Французская няня | страница 65



Доставив Селин с Туссеном домой, англичанин снова уходил один, на этот раз в вечернем костюме, и ужинал в разных аристократических домах предместья Сен-Жермен.

Селин проводила вечер в зеленой гостиной в компании Туссена и Софи. Она играла на фортепиано, читала им вслух из своих любимых книг или просила почитать Софи, чтобы девочка могла попрактиковаться, — ведь вскоре ей предстояло идти в школу Гражданина Маркиза.

Была одна сказочная история, которую Селин особенно любила. Она называлась «Трильби, или Аргайльский эльф». Автор утверждал, что на написание сказки его вдохновила древняя шотландская легенда. В ней рассказывалось о юной жене рыбака из Аргайля по имени Джанни. Она часто оставалась дома одна и, чтобы утешиться, вела воображаемые беседы с эльфом, который, по преданию, обитал у нее в очаге.

«Я тоже играла с Пиполетом, когда была маленькой», — думала про себя Софи.

Она трепетала, когда эльф признавался Джанни в любви и бедняжка, разрываясь между верностью мужу и странным влечением к выдуманному ею же существу, не знала, что ей делать.

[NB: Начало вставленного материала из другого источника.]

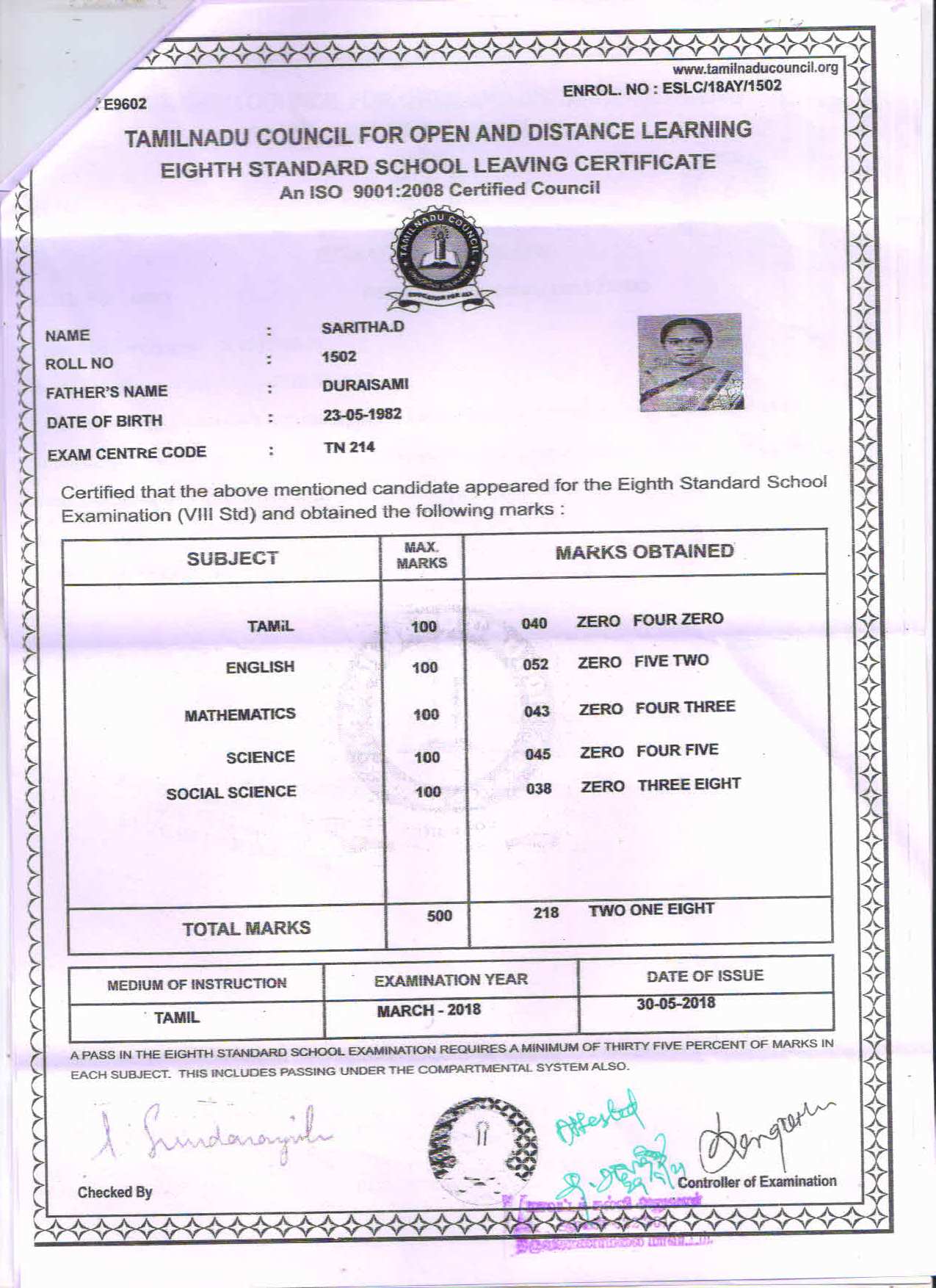 4. Tamilnadu Council student's mark sheet sent for verification from RTO-Sangagiri

Такая история могла закончиться только трагически: жена рыбака умерла. У Селин дрожал голос, когда она читала последние строки:

«Тысяча лет — это такой короткий срок для обладания тем, кого мы любим, такой короткий срок, чтобы оплакивать его»[2].

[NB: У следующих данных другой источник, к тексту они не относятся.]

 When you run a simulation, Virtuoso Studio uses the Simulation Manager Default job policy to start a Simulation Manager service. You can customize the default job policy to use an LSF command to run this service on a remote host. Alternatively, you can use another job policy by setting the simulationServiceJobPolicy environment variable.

Она объяснила детям, что историю эту написал старый директор Библиотеки Арсенала Шарль Нодье, которому нравилось сочинять страшные сказки. Софи подумала, что такой рассказ пришелся бы по душе мадам Анно. От воспоминания о «чтениях» в привратницкой на улице Маркаде сердце у девочки сжалось.

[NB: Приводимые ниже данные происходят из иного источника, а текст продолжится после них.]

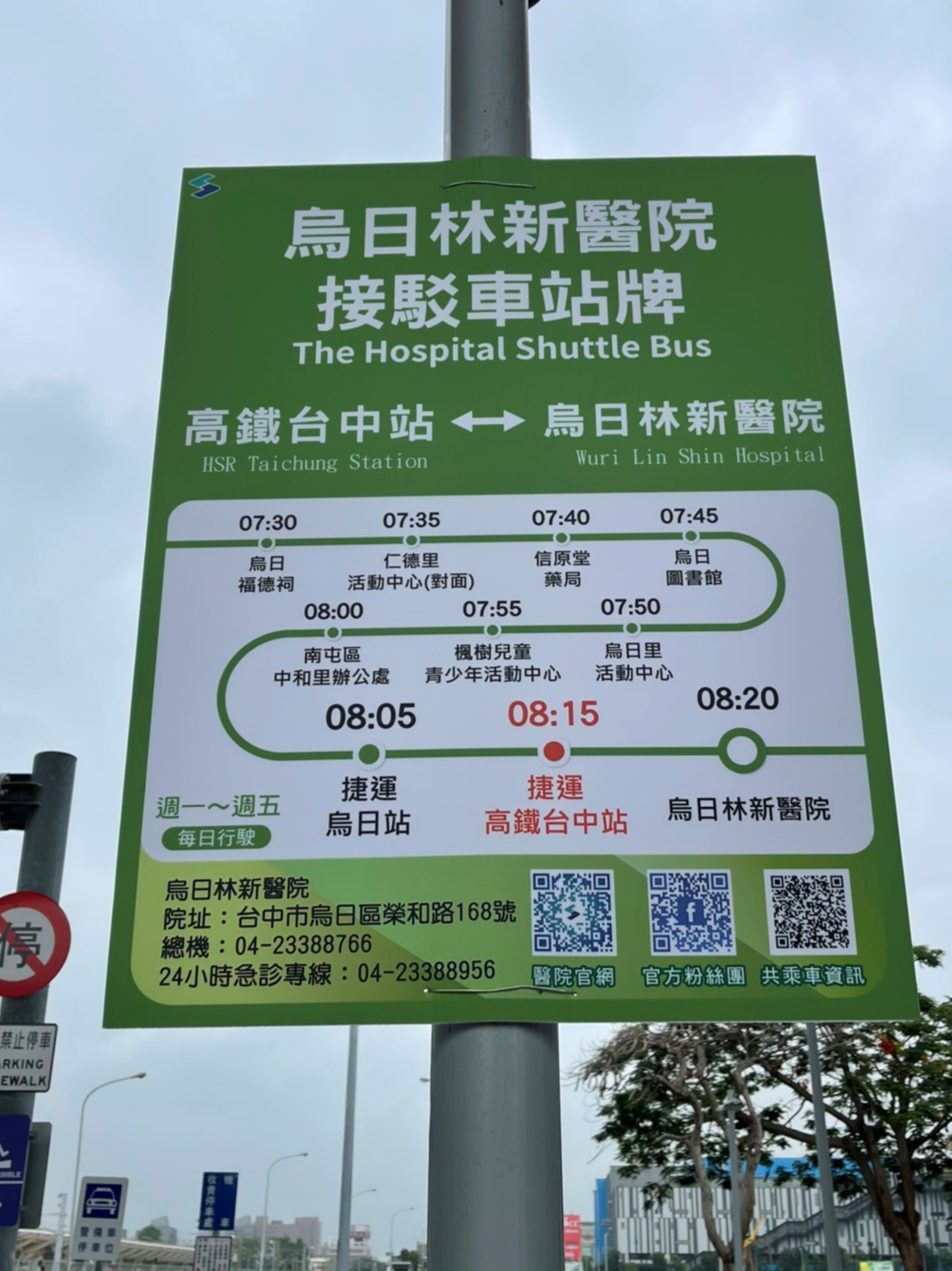 烏日林新醫院免費共乘車「烏日線」6月1日起在捷運烏日站2號出口、捷運高鐵臺中站2號出口增設停靠站,週一至週五行駛,每天上午去程及回程各1班次,去程上午8:05捷運烏日站,8:15分高鐵臺中站;回程時間可以詢問醫院。另因松竹站為捷運與台鐵轉乘站,慈濟醫院捷運接駁車站點設置於台鐵松竹站出口3,週一至週六發車,目前為30分鐘1班。

Селин была куда более требовательной слушательницей, чем привратница: она поправляла ошибки, учила читать с выражением. Она часто заставляла Софи повторять одну и ту же фразу по четыре или даже пять раз, отбивая рукой ритм, показывая, где надо сделать паузу или повысить голос.

Туссен слушал не перебивая. Его никогда не просили читать, потому что его глаза и руки были заняты другим: по просьбе Селин он писал ее портрет маслом.

Еще до появления в доме Софи он сделал дюжину набросков углем и теперь работал на холсте шпателем и кистями. Он не следовал с точностью рисунку, писал широкими размытыми мазками.

— Я предпочитаю стиль Делакруа, — пояснил он Софи.

Девочка смиренно призналась, что ни имя художника, ни его произведения ей неизвестны.

— Как же так! — изумился Туссен. — Ведь этот художник написал прекрасную картину, прославившую «Три славных дня» и новых героев Франции — тех, которые пали на баррикадах. Может быть, на этой картине есть и твой отец.